■ **Task requirements**: Here the job is to transcribe the data verbatim while leaving each picture out.

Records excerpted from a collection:
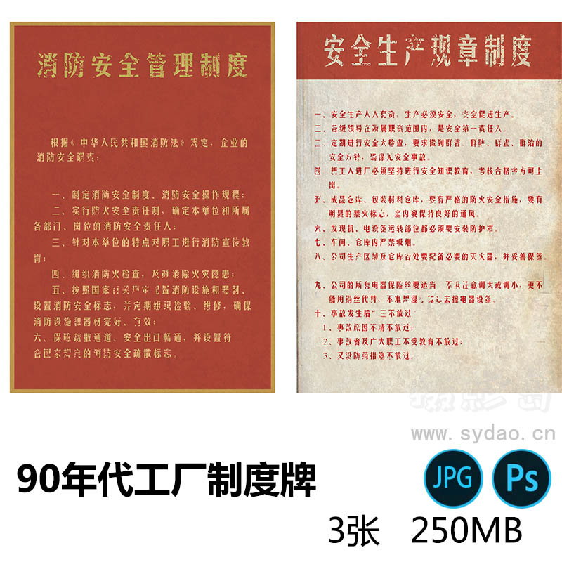 【内 容】3张90年代工厂消防安全管理制度、安全生产规章制度、应急预案管理制度墙贴设计PSD源文档戏用素材。
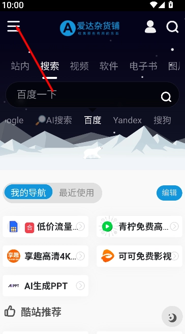 1. 开启《爱达杂货铺》软件,于首页左上角寻觅呈现三横样式的菜单图标,随后点击该图标,即可展开涵盖各类功能分类的侧边菜单。
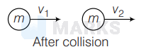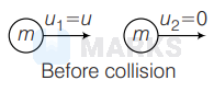 $\begin{aligned} & m u=m v_1+m v_2 \\ & \Rightarrow \quad v_1+v_2=u \\ & \end{aligned}$...(ii)
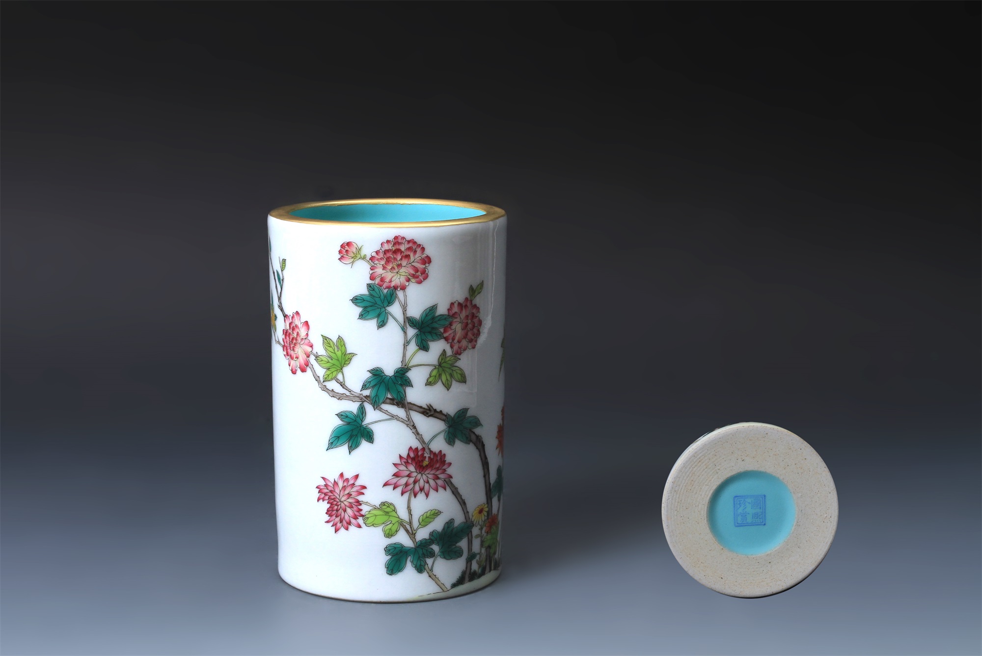 【清乾隆 粉彩四时花卉诗文笔筒】
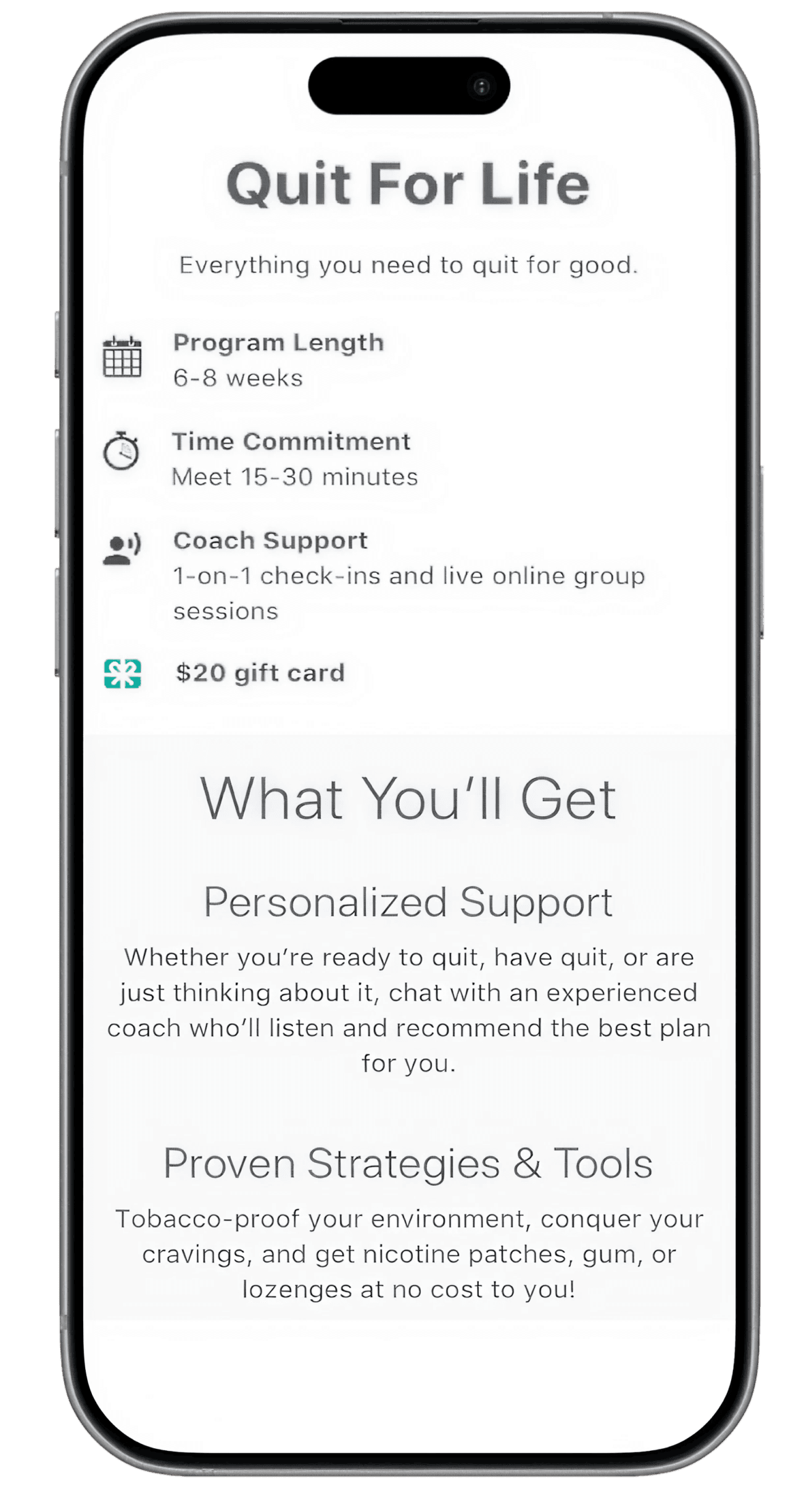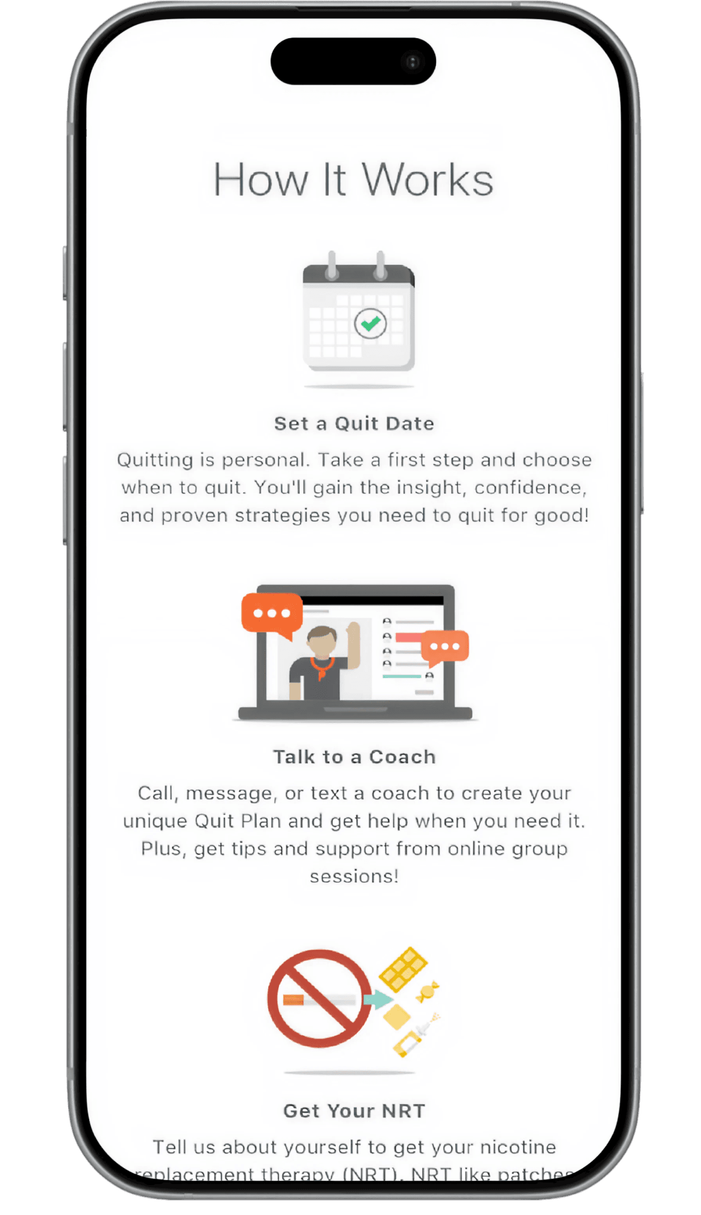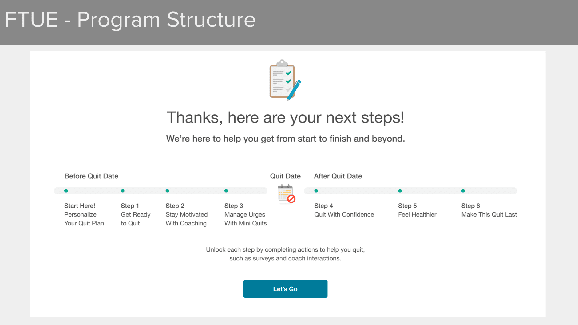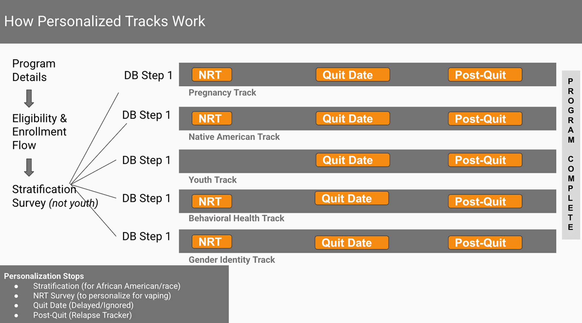 Developed distinct content experiences for five member populations: smokers, vapers, dual users, pregnant women, and those with co-occurring mental health challenges. Each track required tailored language, pacing, and content logic.
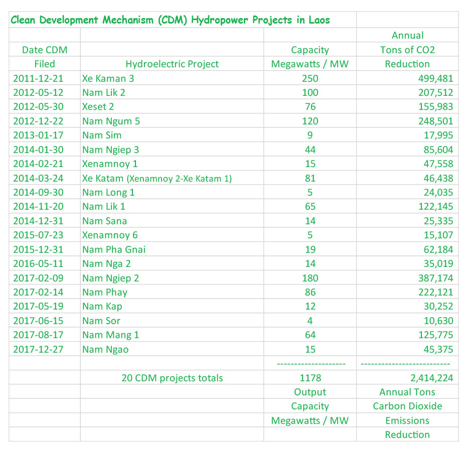 This web page summarizes the hydropower projects in Laos that have qualified as Clean Development Mechanism (CDM) projects under the Kyoto Protocol and are able to receive carbon reduction credits since their operations may result in reduction of overall greenhouse gas emissions.
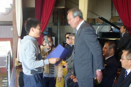 感謝の会では、子どもたちから花束と感謝の手紙を送り、歌や演奏のプレゼントをしました。
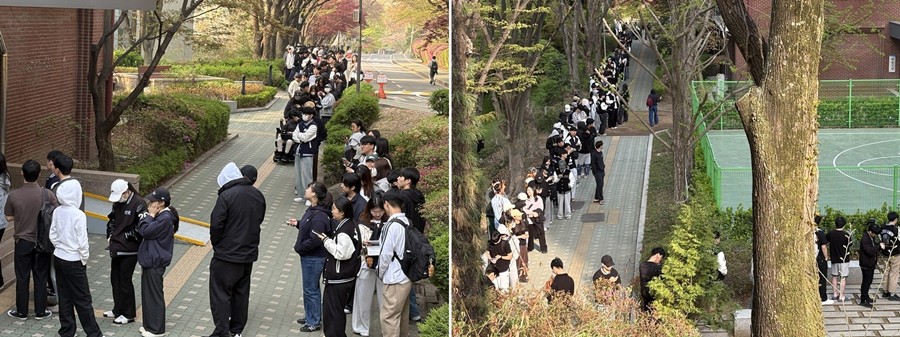 (사진) 천원의 아침밥이 제공되는 기숙사 식당 동서측 입구 양쪽으로 긴 줄이 형성됐다.
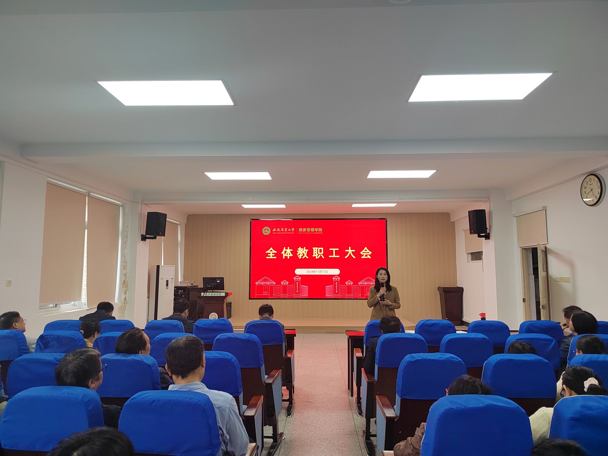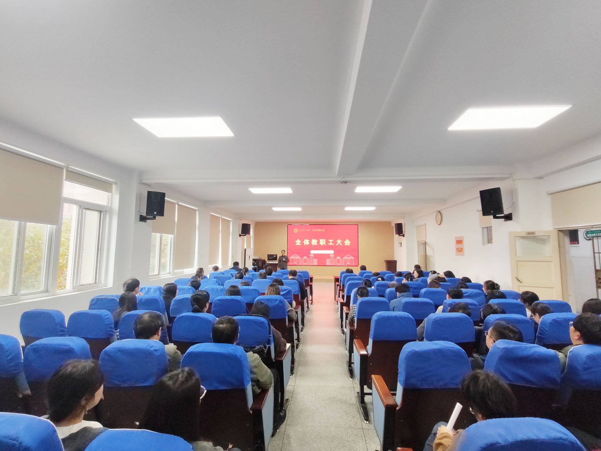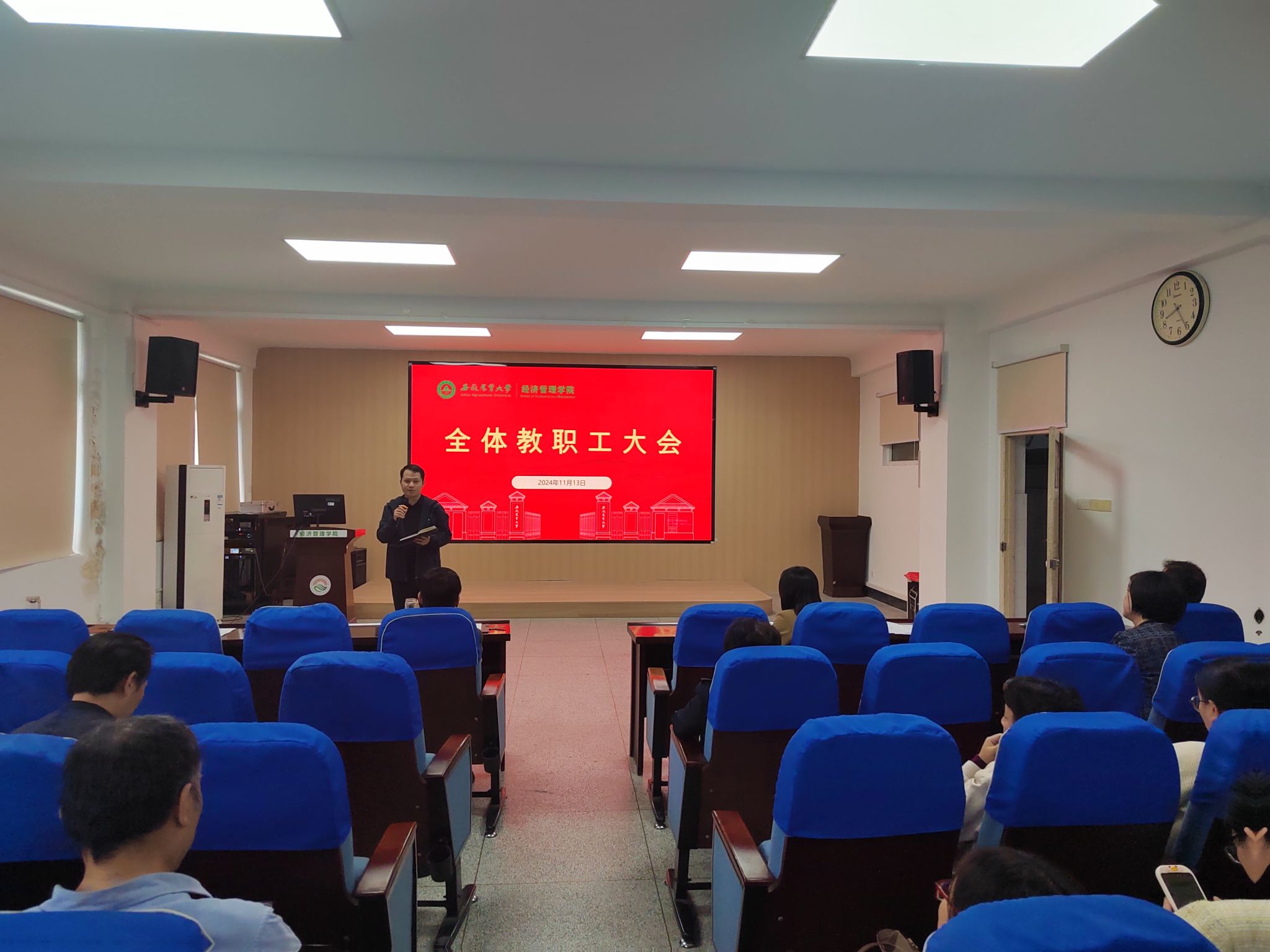 本网讯 11月13日下午,经济管理学院全体教职工大会在经管楼321会议室召开。学院班子成员及全体教职工参加会议。会议由学院院长尹世久主持。

■ **Solved exercise**:
 【内 容】3张90年代工厂消防安全管理制度、安全生产规章制度、应急预案管理制度墙贴设计PSD源文档戏用素材。
 1. 开启《爱达杂货铺》软件,于首页左上角寻觅呈现三横样式的菜单图标,随后点击该图标,即可展开涵盖各类功能分类的侧边菜单。
 $\begin{aligned} & m u=m v_1+m v_2 \\ & \Rightarrow \quad v_1+v_2=u \\ & \end{aligned}$...(ii)
 【清乾隆 粉彩四时花卉诗文笔筒】
 Developed distinct content experiences for five member populations: smokers, vapers, dual users, pregnant women, and those with co-occurring mental health challenges. Each track required tailored language, pacing, and content logic.
 This web page summarizes the hydropower projects in Laos that have qualified as Clean Development Mechanism (CDM) projects under the Kyoto Protocol and are able to receive carbon reduction credits since their operations may result in reduction of overall greenhouse gas emissions.
 感謝の会では、子どもたちから花束と感謝の手紙を送り、歌や演奏のプレゼントをしました。
 (사진) 천원의 아침밥이 제공되는 기숙사 식당 동서측 입구 양쪽으로 긴 줄이 형성됐다.
 本网讯 11月13日下午,经济管理学院全体教职工大会在经管楼321会议室召开。学院班子成员及全体教职工参加会议。会议由学院院长尹世久主持。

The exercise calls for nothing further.